> **EXERCISE OBJECTIVE**
Transcribe every entry that follows, word for word, and omit the images.

> **RECORD EXTRACTS**
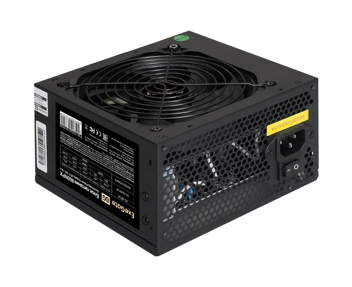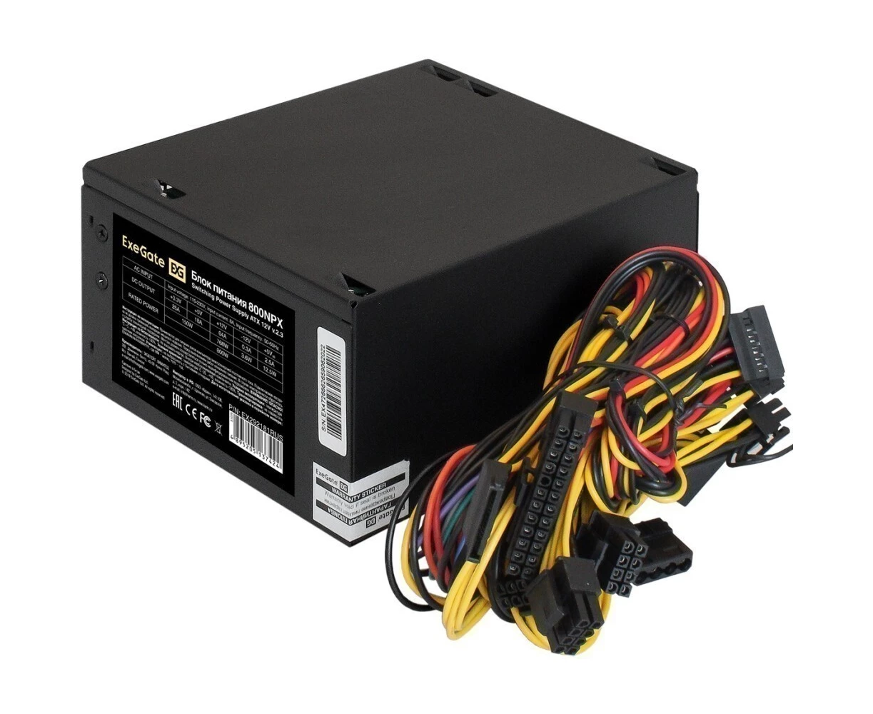 Блок питания ExeGate 800NPX EX292181RUS-PC 800W (ATX, PC, 12cm fan, 24pin, 2x(4+4)pin, 2xPCI-E, 5xSATA, 3xIDE, black)
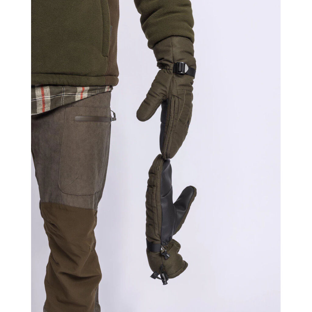 Vattenavvisande handske med magnetlist fram för att enkelt kunna öppna och stänga smidigt. Perfekt vid jakten eller fisket. Gummerad greppyta och värmande foder gör att den passar för vinterväder. Vanten har ett justerbart band och dragsko kring handleden för att anpassa passformen.
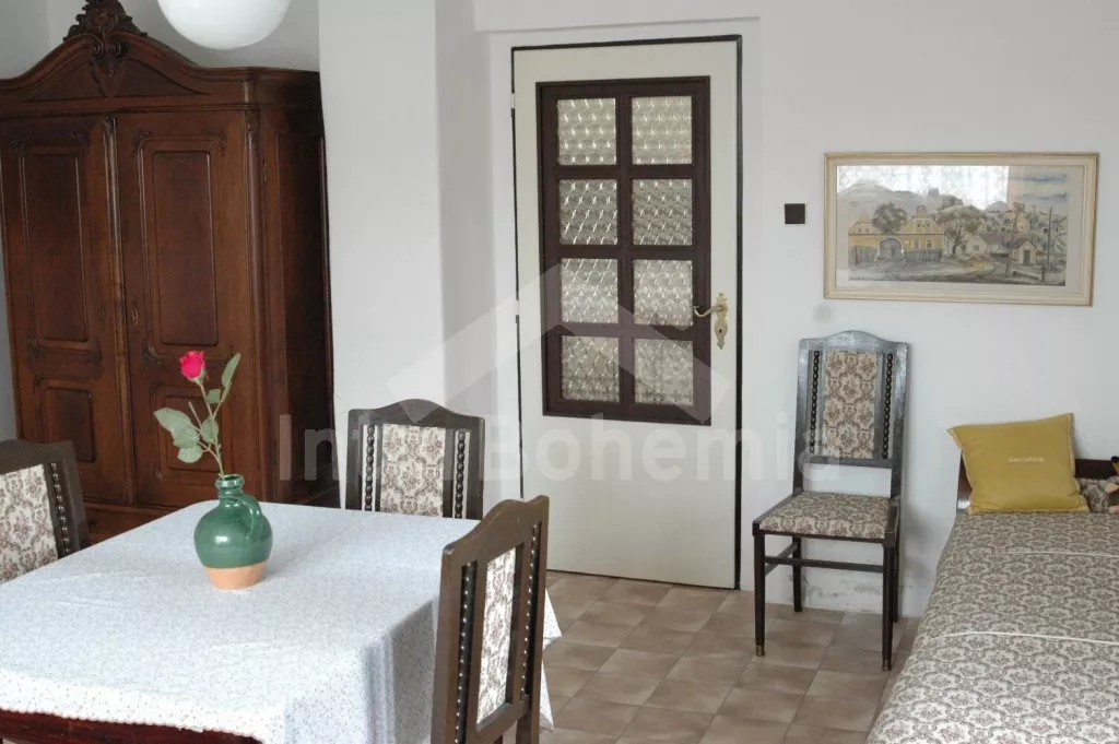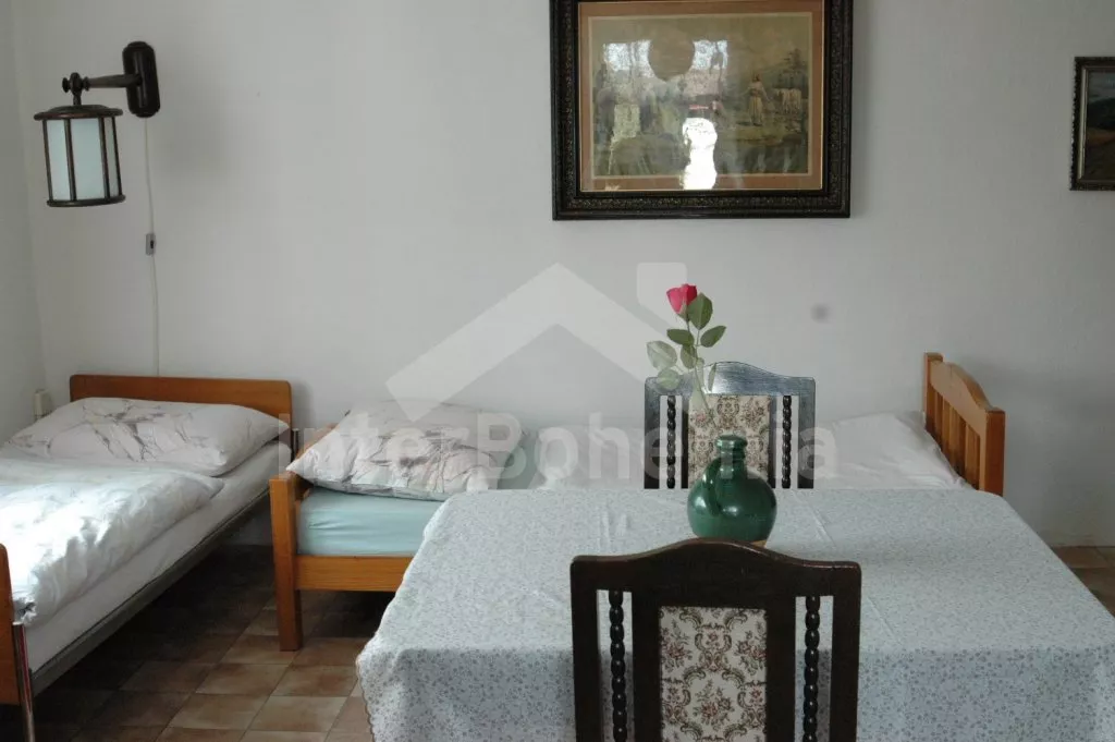 In South Bohemia, in village Hvozdany – typical south-bohemian village with small pond in village square; ca 4 km west of small town Bechyne and 25 km from historical town Tabor. Ideal for those, who want to spend restful holiday „in the past“; in the atmosphere of old Czech country. Shop with basic necessities, supermarket, restaurant, swimming pool and tennis 4 km. In-door swimming pool and sauna in Tabor. Golf 10 km. Swimming, water sports, boats and pedal boats for rent in dam Orlik 15 km. Other possibilities to swim 7 and 11 km – at the junction of rivers Luznice and Vltava. Horse riding 100 m. Wood just behind the village. Fishing (with fishing permit) in river Luznice 1,5 km.
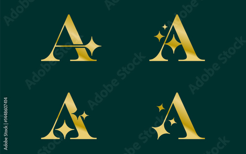 letter, a, star, spark, luxury, logotype, design, collection, initial, alphabet, typography, monogram, elegant, gold, shiny, glittering, celestial, cosmic, sparkle, bright, glow, premium, expensive, wealth, rich, royals, majestic, stylised, abstract, geometric, modern, creative, branding, identity, symbol, icon, signs, emblem, decorative, ornamental, artistic, flourish, calligraphy, script, typeface, gold, gradient, radiant
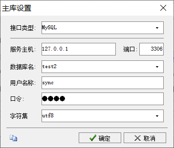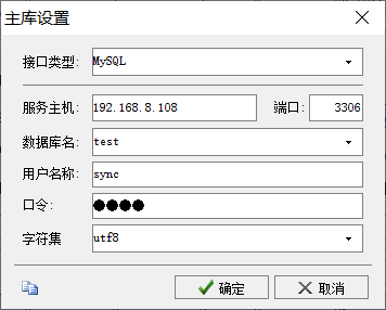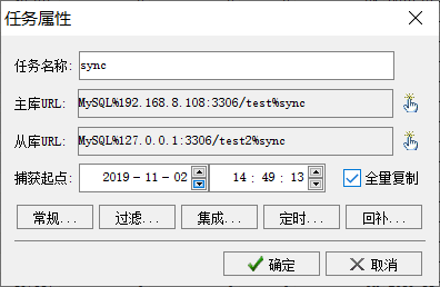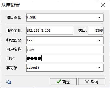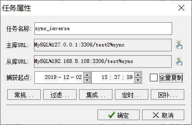 选择工具栏[新建]按钮,在任务属性对话框中依次设置主库及从库连接参数。

> **EXPECTED ANSWER**
 Блок питания ExeGate 800NPX EX292181RUS-PC 800W (ATX, PC, 12cm fan, 24pin, 2x(4+4)pin, 2xPCI-E, 5xSATA, 3xIDE, black)
 Vattenavvisande handske med magnetlist fram för att enkelt kunna öppna och stänga smidigt. Perfekt vid jakten eller fisket. Gummerad greppyta och värmande foder gör att den passar för vinterväder. Vanten har ett justerbart band och dragsko kring handleden för att anpassa passformen.
 In South Bohemia, in village Hvozdany – typical south-bohemian village with small pond in village square; ca 4 km west of small town Bechyne and 25 km from historical town Tabor. Ideal for those, who want to spend restful holiday „in the past“; in the atmosphere of old Czech country. Shop with basic necessities, supermarket, restaurant, swimming pool and tennis 4 km. In-door swimming pool and sauna in Tabor. Golf 10 km. Swimming, water sports, boats and pedal boats for rent in dam Orlik 15 km. Other possibilities to swim 7 and 11 km – at the junction of rivers Luznice and Vltava. Horse riding 100 m. Wood just behind the village. Fishing (with fishing permit) in river Luznice 1,5 km.
 letter, a, star, spark, luxury, logotype, design, collection, initial, alphabet, typography, monogram, elegant, gold, shiny, glittering, celestial, cosmic, sparkle, bright, glow, premium, expensive, wealth, rich, royals, majestic, stylised, abstract, geometric, modern, creative, branding, identity, symbol, icon, signs, emblem, decorative, ornamental, artistic, flourish, calligraphy, script, typeface, gold, gradient, radiant
 选择工具栏[新建]按钮,在任务属性对话框中依次设置主库及从库连接参数。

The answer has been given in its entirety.